* [Dataset content]

=== Begin Enclosure ===

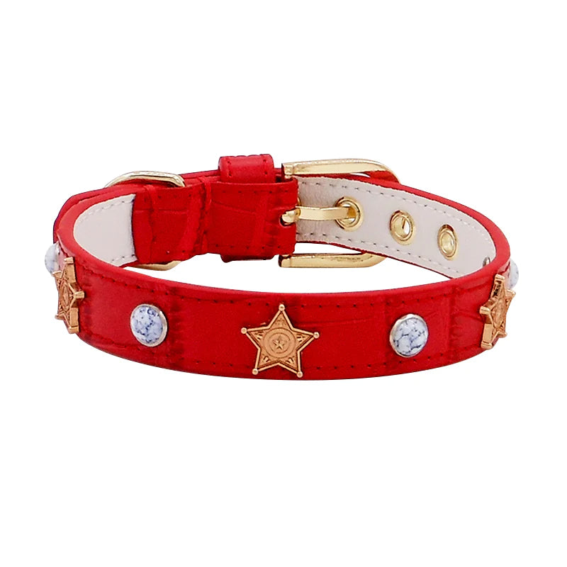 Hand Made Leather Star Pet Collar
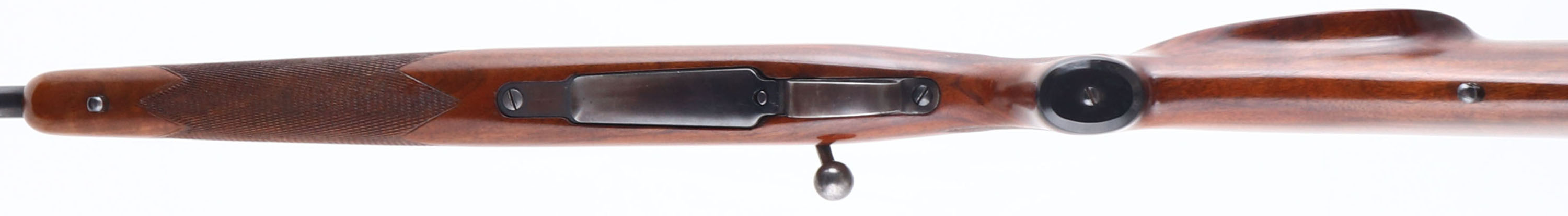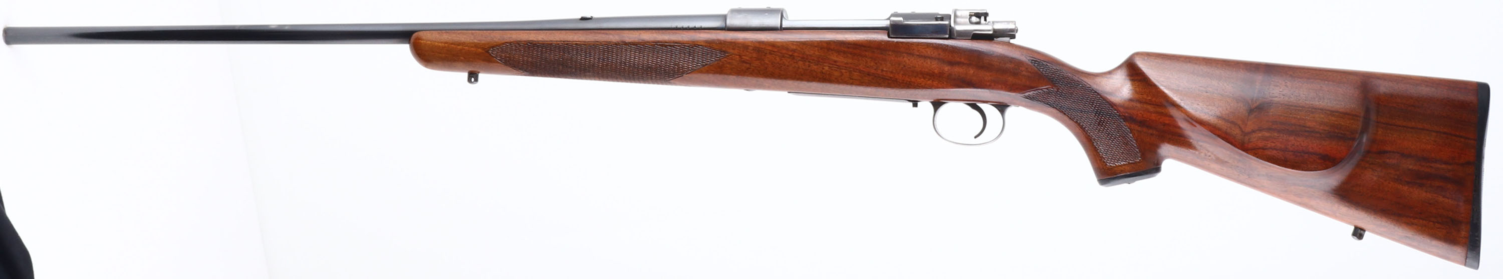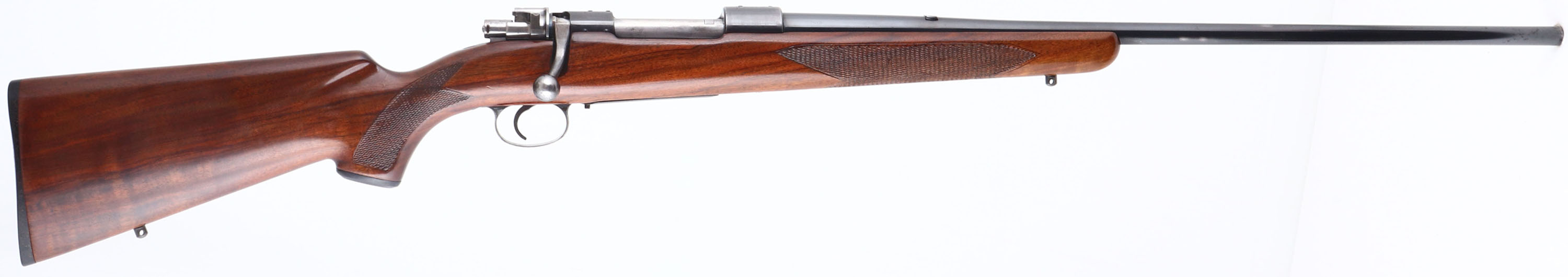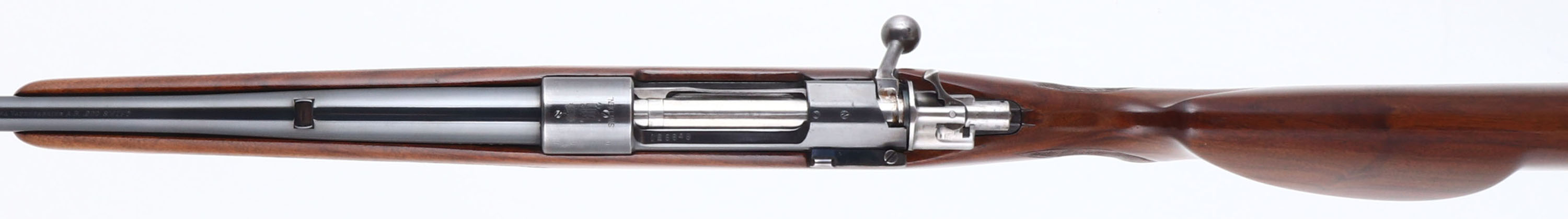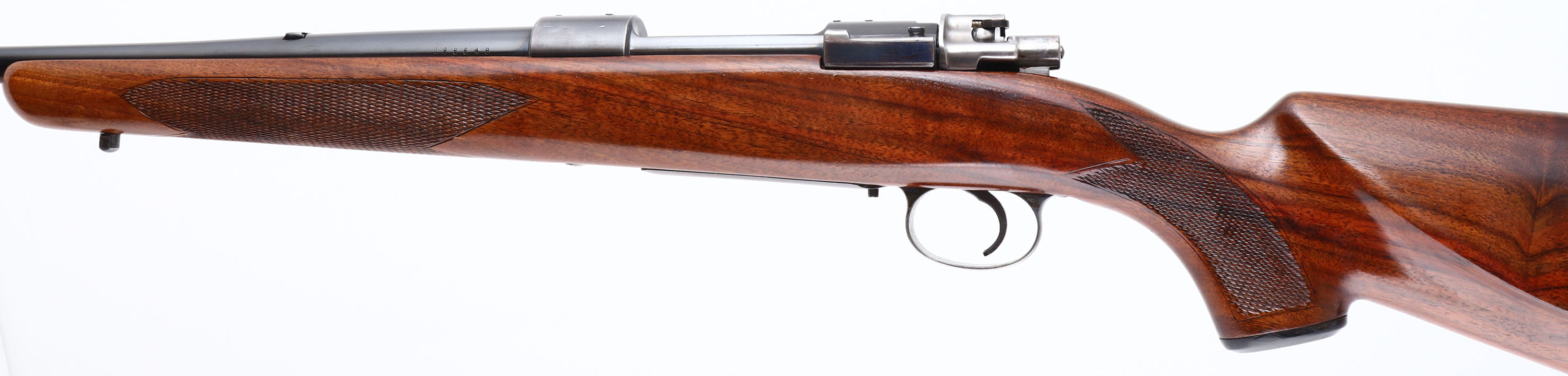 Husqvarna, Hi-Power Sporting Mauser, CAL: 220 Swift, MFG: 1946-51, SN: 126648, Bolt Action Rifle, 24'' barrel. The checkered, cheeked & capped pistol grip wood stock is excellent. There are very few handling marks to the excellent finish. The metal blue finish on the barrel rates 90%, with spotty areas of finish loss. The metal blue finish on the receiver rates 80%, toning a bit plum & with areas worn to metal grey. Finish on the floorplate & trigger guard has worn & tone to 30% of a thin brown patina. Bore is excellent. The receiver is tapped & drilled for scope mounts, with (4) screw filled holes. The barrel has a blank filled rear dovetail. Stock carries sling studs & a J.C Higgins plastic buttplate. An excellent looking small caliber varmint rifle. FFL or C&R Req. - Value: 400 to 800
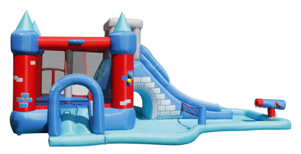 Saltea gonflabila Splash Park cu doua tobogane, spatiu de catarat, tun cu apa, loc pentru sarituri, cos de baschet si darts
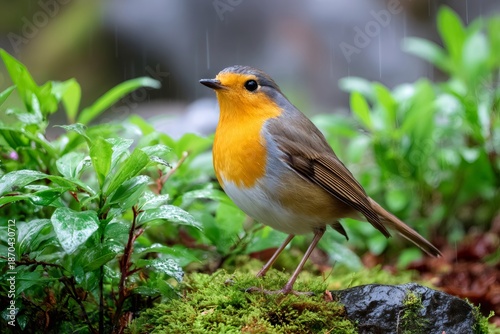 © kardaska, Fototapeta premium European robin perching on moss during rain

=== End Enclosure ===

* [Your instructions]
The expected output is the exact run of lines from the first line of the material above through the line that contains "Saltea gonflabila Splash", minus any pictures.

* [Response]
 Hand Made Leather Star Pet Collar
 Husqvarna, Hi-Power Sporting Mauser, CAL: 220 Swift, MFG: 1946-51, SN: 126648, Bolt Action Rifle, 24'' barrel. The checkered, cheeked & capped pistol grip wood stock is excellent. There are very few handling marks to the excellent finish. The metal blue finish on the barrel rates 90%, with spotty areas of finish loss. The metal blue finish on the receiver rates 80%, toning a bit plum & with areas worn to metal grey. Finish on the floorplate & trigger guard has worn & tone to 30% of a thin brown patina. Bore is excellent. The receiver is tapped & drilled for scope mounts, with (4) screw filled holes. The barrel has a blank filled rear dovetail. Stock carries sling studs & a J.C Higgins plastic buttplate. An excellent looking small caliber varmint rifle. FFL or C&R Req. - Value: 400 to 800
 Saltea gonflabila Splash Park cu doua tobogane, spatiu de catarat, tun cu apa, loc pentru sarituri, cos de baschet si darts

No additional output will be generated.